Newtongrange


Midlothian

The Pit Winding Wheel has become public art, Main Street, Newtongrange
©2022 Gazetteer for Scotland

The Pit Winding Wheel has become public art, Main Street, Newtongrange

A former mining village in E Midlothian, Newtongrange lies to the east of the River South Esk, 3 miles (5 km) south of Dalkeith. It was developed as a colliery village by the Marquess of Lothian from the 1830s and by the 1890s had become Scotland's largest mining settlement following the sinking of the Lady Victoria Colliery with a shaft of over 530m (1738 feet), the deepest mine in Scotland at the time. The Lady Vic employed 1765 men underground by 1953. The village was also the site of the Lingerwood Colliery, which pre-dated the Lady Vic, and comprised two shafts of 253m (830 feet) and 266m (872 feet) respectively. It employed 770 men at its peak. The two mines were linked below ground and shared overground facilities. Closed in 1981, the principal Lady Victoria Colliery buildings have been preserved and now house the National Mining Museum Scotland.

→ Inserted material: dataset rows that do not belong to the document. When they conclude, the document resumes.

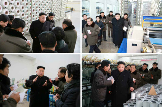 金正恩巡视了人造丝布车间和染色综合车间等工厂各处,具体了解了生产情况和产品质量。
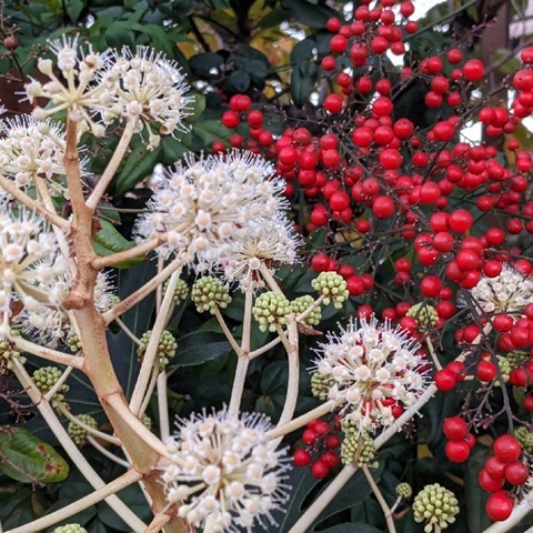 めでたい紅白 南天の実と八手の花
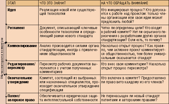 Чтобы своевременно определить ценность того или иного стандарта, очень важно хорошо понять, как именно работают органы стандартизации. Здесь мы расскажем о четырех таких организациях - IEEE, IETF, W3C и OASIS (Organization for the Advancement of Structured Information Standards - организация по развитию стандартов структурированной информации). Этот список охватывает практически весь спектр - от тех, что принимают в свой состав всех желающих, до эксклюзивных групп производителей. В нем представлены как давно знакомые в ИТ имена, так и относительно новые организации.
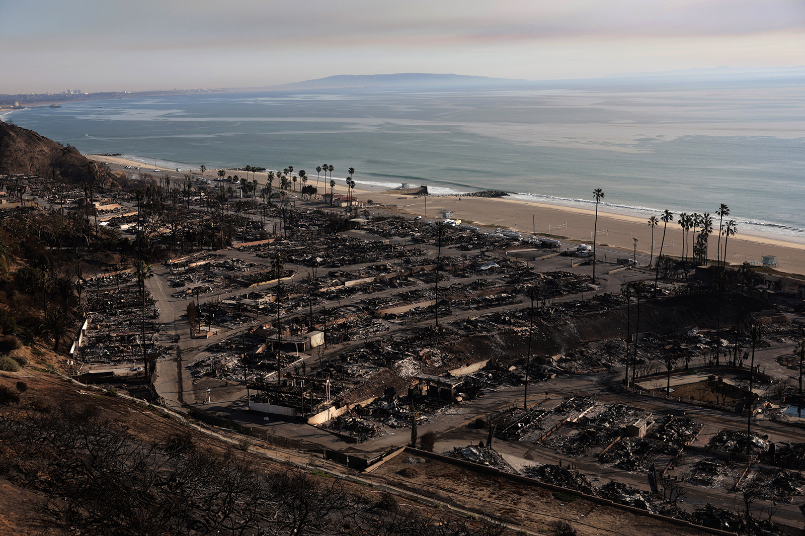 The Palisades and Eaton fires were highly destructive wildfires that began burning on January 7, 2025, and lasted 24 days. The fires killed 30 people, burned over 37,000 acres, and destroyed over 15,000 structures. During this time the Southern California coast had experienced eight months without any measurable rainfall, and much of the region had fallen into moderate drought conditions. That combined with a life-threatening windstorm of Santa Ana winds created an out of control situation for fire fighters. Scientists have stated that human-caused warming is generally making fires in California and the rest of the West larger and more severe.

Newtongrange was laid out in a formal pattern with brick-built houses in parallel streets named First Street to Tenth Street respectively. The housing was segregated by rank within the pit, with simple dwellings centrally-located for the miners themselves, better homes for overseers while managers enjoyed grander residences on the edge of the village. The miners were subject to a series of rules both at home and at work, with the notorious general manager, Mungo Mackay, running both pit and village ruthlessly between 1900 and 1939.

The village regained its railway station in 2015 on the new Borders Railway, its original station having closed with the rest of the Waverley Line in 1969. The ruined 12th-century Cockpen Old Parish Church and 15th-century Dalhousie Castle are located to the southwest.